At a Suzlon training facility near Chicago this week, American wind power professionals from across the country were joined by government agency experts  for a battery of drills to promote safety in the fast-growing industry.

Thirty-two safety professionals from two federal agencies – the Department of Labor’s Occupational Safety and Health Administration (OSHA) and the Department of Interior’s Bureau of Safety and Environmental Enforcement (BSEE) – were trained to climb a turbine, perform self-rescue and rescue scenarios. The training occurred at the first facility in the Americas to offer a fully-operational wind turbine dedicated exclusively to training purposes. The federal trainees included a representative from the office of OSHA’s Assistant Secretary and eight OSHA regions, as well as Labor’s Health Response Team and Department of Training and Education.
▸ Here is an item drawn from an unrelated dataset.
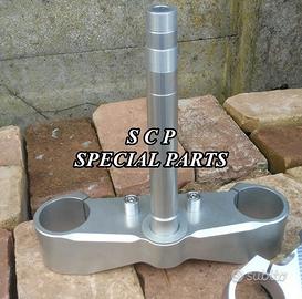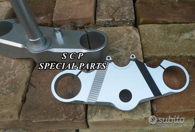 PROTOTIPIAMO E RALIZZIAMO PIASTRE DI STERZO RICAVATE DAL PIENO CON MACCHINARI A CONTROLLO NUMERICO PER QUALSIASI MOTO E PER REALIZZAZIONI SPECIALI. PRESENTIAMO PIASTRE DI STERZO RICAVATE DAL PIENO PER HONDA CBR 954 CBR 929 Il kit piastre è costituito da: piastra di sterzo inferiore con asse canotto e piastra di sterzo superiore. semimanubri disponibili su richiesta. Sovradimensionate con inferiore da 60 mm a 3 punti di chiusura oppure disponibile da 80 mm a 4 punti di chiusura E IN PARTICOLARI CASI SU RICHIESTA POSSIAMO REALIZZARELE DA 100mm 5 PUNTI DI CHIUSURA. Su richiesta forniamo anche il kit OFF SET VARIABILE costituito da boccole eccentriche che ne permettono al modifica MILLIMETRICA . Per il montaggio si utilizzano boccole e cuscinetti originali. Sono plug & play, si montano senza modifiche sulla moto stradale. Possiamo realizzare cave di alleggerimento anche passanti e altre lavorazioni meccaniche su richiesta. Un prodotto rivoluzionario per efficacia, risorse tecniche e costo contenuto. Possibilità di scegliere qualsiasi colore per l'anodizzazione. Le piastre di sterzo sono progettate appositamente per migliorare il feeling con l'avantreno eliminando il chattering rendendo la moto piu' stabile e granitica in inserimento curva e in percorrenza. La lega speciale utilizzata è testata in pista nei principali campionati internazionali e studiata appositamente per assorbire le sollecitazioni e permettere alle sospensioni di lavorare molto meglio. Replichiamo attacchi e supporti originali per telaietto, quadro strumenti, blocco accensione, blocca sterzo, ammortizzatore di sterzo etc, se richiesto, oppure ne produciamo di nuovi su specifica. Può essere scelta qualsiasi tipologia, forma e lavorazione meccanica o estetica per il progetto delle piastre di sterzo entro i limiti imposti dalla quote della moto stessa, prendendo spunto dai nostri lavori precedentemente effettuati. Finitura superficiale e anodizzazione di qualsiai colore.

“The wind industry is gaining momentum, and added 23,000 new jobs in 2014. That underscores the importance of worker health and safety,” commented American Wind Energy Association CEO Tom Kiernan about the training. “As we continue to scale up homegrown wind energy, working closely with OSHA and the BSEE will be vital to maintaining the high safety standards we hold true as an industry.”


The training stems from an alliance between OSHA and AWEA that begin in August 2011 at the U.S. Department of Labor. Through its Alliance Program, OSHA works with groups committed to worker safety and health to prevent workplace fatalities, injuries and illnesses. The three-day program was developed by myself and OSHA’s National Office; Thomas Bielema, Region V Area Director, Peoria, Illinois.

Industry professionals provided both classroom and practical training for the attendees. During the practical training, trainees were given hands-on instruction in proper climbing techniques, establishing preferred attachment points, and attachment and access from standing and suspended position. They also practiced egress simulating escape from inside a turbine tower or nacelle, and from the top of a nacelle, as well as practice escaping suspension from deployed fall arrest lanyards and assisted rescue techniques involving an incapacitated victim on the fixed ladder.

Classroom education covered basics of wind turbine generation and operation, general safety programs, electrical safety, ladders, confined spaces, prevention of dropped objects, training and workforce, hoisting and rigging, vehicle safety, hand injuries, emergency response and weather conditions.

All the trainees went through a rigorous six station course to practice all essential elements of a successful rescue operation and evacuation. They learned how to adjust their harness from a standing and suspended position, to escape from inside a turbine tower, nacelle, and the top of a nacelle, to deploy a fall arrest lanyard and rigging, and to rescue incapacitated victims on a fixed ladder.

Trainers from Tech Safety Lines, GE, Rope Partner, and Duke Energy assisted in the program for AWEA member company professionals from NextEra Energy Resources, Iowa Lakes Cooperative Trust, Vestas Wind Systems, Siemens USA, Pattern Energy, Mortenson Construction, BP, and RES Americas.